Each of the magnetic cards obtained had streaks and unevenness on the coated surface caused by the support being invaded by the solvent during the coating of the magnetic coating, and the warpage caused by thermal deformation during drying was also great. . The measurement results are shown in Table 1 and Table 2.

(Comparative Example 5) A support having a thickness of 200 μm
A magnetic card was obtained in the same manner as in Example 1 except that a commercially available polyethylene terephthalate sheet of m.
Each of the obtained magnetic cards did not have streaks or unevenness on the coated surface caused by the support being invaded by the solvent during the coating of the magnetic coating material, and there was no warpage caused by thermal deformation during drying. The measurement results are shown in Table 1 and Table 2.

[0157]

[Table 1]

[0158]

[Table 2]

[0159]

INDUSTRIAL APPLICABILITY The present invention has solvent resistance, heat resistance, mechanical strength and durability equivalent to those of the current products, yet has a low calorific value when burned, and has thermal stability and processing during molding. And its storage stability during use are good, and even if it is abandoned in the natural world after use, it decomposes naturally, and even if it is incinerated, it does not generate any harmful calorific value and produces no harmful gas. A recording card can be provided.

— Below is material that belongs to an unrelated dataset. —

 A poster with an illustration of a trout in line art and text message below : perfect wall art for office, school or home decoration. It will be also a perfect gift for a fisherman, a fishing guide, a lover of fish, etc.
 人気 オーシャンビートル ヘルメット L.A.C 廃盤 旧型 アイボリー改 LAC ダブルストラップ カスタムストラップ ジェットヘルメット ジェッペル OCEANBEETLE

[Brief description of the drawings]

FIG. 1 is a sectional view schematically showing a configuration of a magnetic card according to Examples 1 to 11 of the present invention.

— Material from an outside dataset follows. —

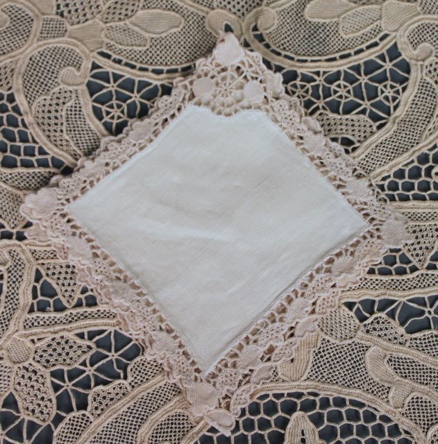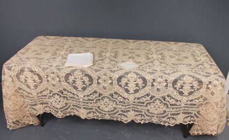 Exquisite Beige Handmade Lace Tablecloth, made with beige cotton thread, outstanding lace inserts, open cutwork, believe to be from Madeira 63" w., 134" l., also with this lot are six ecru line (embroidery corner) napkins and three coasters Exquisite Beige Handmade Lace Tablecloth, made with beige cotton thread, outstanding lace inserts, open cutwork, believe to be from Madeira 63" w., 134" l., also with this lot are six ecru line (embroidery corner) napkins and three coasters

FIG. 2 is a sectional view schematically showing the structure of a magnetic card of Example 12 of the present invention.

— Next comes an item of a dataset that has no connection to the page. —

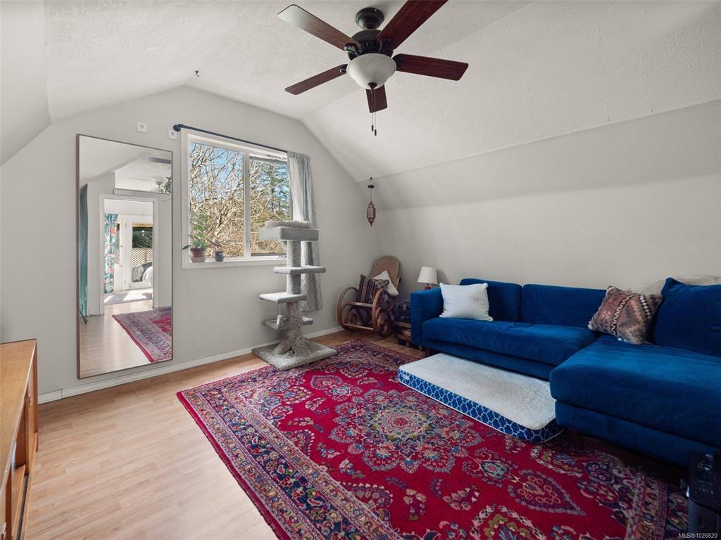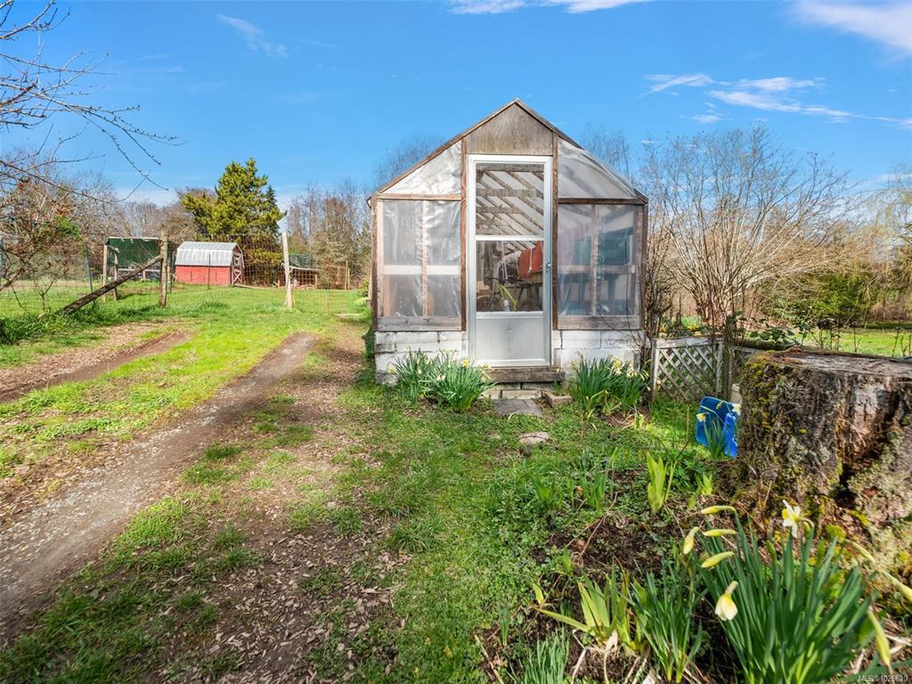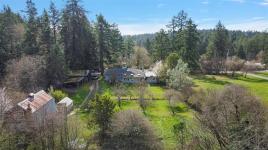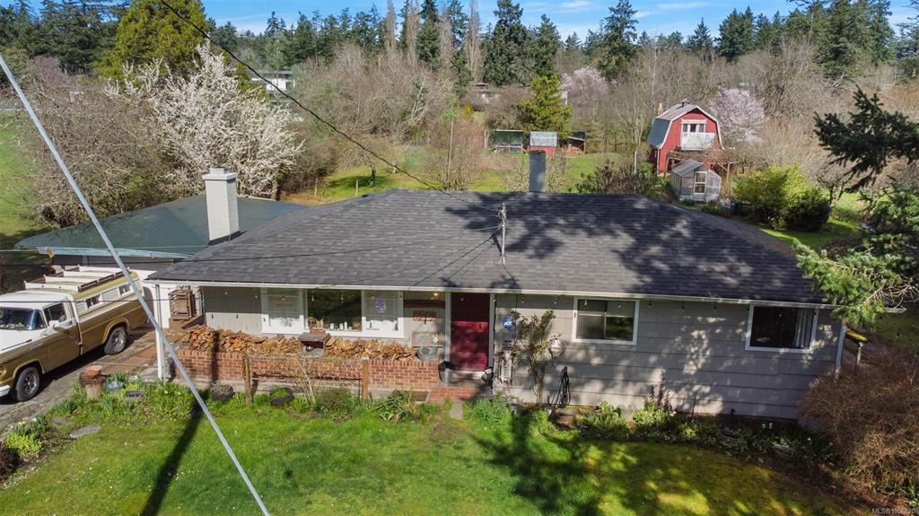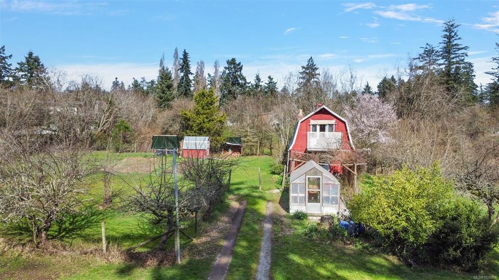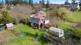 Tucked away in Saanich West, this 1-acre property A-1 zoning offers a rare blend of privacy & possiblities. The main residence is a lovely Rancher with a traditional layout offering 3bdrms, a 4-pce bthrm, a combined living/dining rm with wood fireplace, family rm, laundry, eat-in kitchen w/ access to a generous screened-in porch. A converted barn is a self contained studio with an eat-in kitchen, living rm, 4-pc bthrm on the main level plus a bedrm w/ balcony & den on the 2nd level. The versatile space includes pathways & slate patio ideal for guests/family/potential income. Gently sloping usable acreage is landscaped w/ multiple accessory structures. Improvements include; single garage,new oil tank,carport,storage shed, greenhouse,chicken coop,interior/exterior paint,flooring,lighting,electrical,plumbing,bathroom updates,furnace/duct service,roof/gutter replacement,new HWT & water line upgrades.Septic is older but functioning & maintained. Minutes to Camosun College & shops/amenities.

FIG. 3 is a sectional view schematically showing the configuration of a magnetic card of Example 13 of the present invention.

[Explanation of symbols]

 1: Protective layer 2: Magnetic layer 3: Support 4: Lactic acid type polyester layer 5: Lactic acid type polyester layer different from 4 6: Paper layer 7: Printing layer

─────────────────────────────────────────────────── ─── Continuation of the front page (51) Int.Cl. ⁶ Identification code Internal reference number FI Technical display location G11B 5/80 G11B 5/80 // C08L 67:04

Claims (9)

[Claims] 1. An information recording card, wherein at least a part of the support is composed of crystallized and / or stretched lactic acid-based polyester. 2. The information recording card according to claim 1, wherein the lactic acid-based polyester is crystallized. 3. The information recording card according to claim 1, wherein the lactic acid-based polyester has a polymerization catalyst deactivated. 4. The information recording card according to claim 3, wherein the deactivation treatment of the polymerization catalyst is performed by using a chelating agent and / or an acidic phosphoric acid ester. 5. The information recording card according to any one of claims 1 to 4, wherein the lactic acid-based polyester contains a structural component (A) derived from lactic acid as an essential component. 6. The structural component (A) derived from lactic acid is L-
The information recording card according to claim 5, which contains 70% by weight or more of a structural component derived from lactic acid or D-lactic acid. 7. A lactic acid-based polyester comprises a structural component (A) derived from lactic acid, a structural component (B) derived from a dicarboxylic acid, and a structural component (C) derived from a diol as essential components. The information recording card according to claim 5, wherein the information recording card is present. 8. A structural component (B) derived from a dicarboxylic acid.
8. The information recording card according to claim 7, wherein both the structural component (C) derived from and diol have an aliphatic structure. 9. The information recording card according to claim 1, wherein the information recording card is a magnetic card.